1. Academic Career

2. Research
     Melanopsin Receptors    Molecular Mechanism of Mammalian Circadian Rhythm    Time Restricted Feeding (TRF)  

3. Selected Publications

4. Awards

5. References

This now appears to be ready for review and acceptance other than the formatting of the references. Robert McClenon (talk) 17:10, 15 April 2017 (UTC)}}

Satchidananda Panda (born in 1971) is an Indian chronobiologist who currently works as a Professor at the Salk Institute for Biological Studies. He has made several notable contributions to the field of chronobiology. He established that melanopsin and intrinsically photosensitive retinal ganglion cells (ipRGCs) play a dominant role in circadian photoentrainment. He also conducted research on time-restricted feeding (TRF). Currently, through explorations of the circadian rhythmicity of metabolism in mice, Panda and his lab have research that they believe may prevent obesity through the timing of eating.

Academic Career

Panda was born and raised in India. Here, Panda earned his bachelor’s degree in agriculture, specializing in genetics and plant breeding, from Orissa University of Agriculture and Technology in 1991^[1]. Afterwards, he pursued a master's program in biotechnology at Tamilnadu Agricultural University and graduated in 1994. Panda then decided to move to the United States and joined the graduate program at The Scripps Research Institute where he studied the circadian oscillator mechanism in plants under Dr. Steve Kay. Since receiving his PhD in 2011, he conducted postdoctoral research in Dr. John Hogenesch’s lab at the Genomics Institute of the Novartis Research Foundation in San Diego. Here, he tried to understand the light input pathway along with circadian regulation of behavior and physiology in mammals by using genetic and genomic approaches. His work revealed tissue-specific circadian regulation of transcription and suggested that mammals engage multiple photoreceptors to adapt to their natural environment.

Research

Melanopsin Receptors

One of the main focuses of Panda’s lab is circadian photoentrainment in mammals, specifically the role of melanopsin in circadian photoentrainment.

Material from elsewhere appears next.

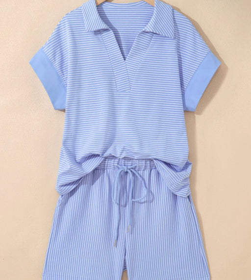 Striped Blue Dolman Sleeve 2 Piece Polo Short Set

In 2002, Panda generated a line of melanopsin knockout (Opn4) mice using homologous recombination in mice embryonic stem cells to replacing the first exon of the melanopsin gene with a neomycin-resistant gene. Panda placed these mice in two different environments: a normal photoperiod using 480 nm light and constant darkness, and observed their subsequent behavior. Panda's results showed that these mice were still able to entrain to the photoperiod. However, melanopsin KO mice showed attenuated entrainment capabilities compared to wild type (WT) mice with a shift magnitude about half of the WT mice. Panda then exposed the melanopsin KO mice to the same wavelength as before but with varying light intensities. He found that lower intensities produced the greatest entrainment differences between both mouse lines.^[2]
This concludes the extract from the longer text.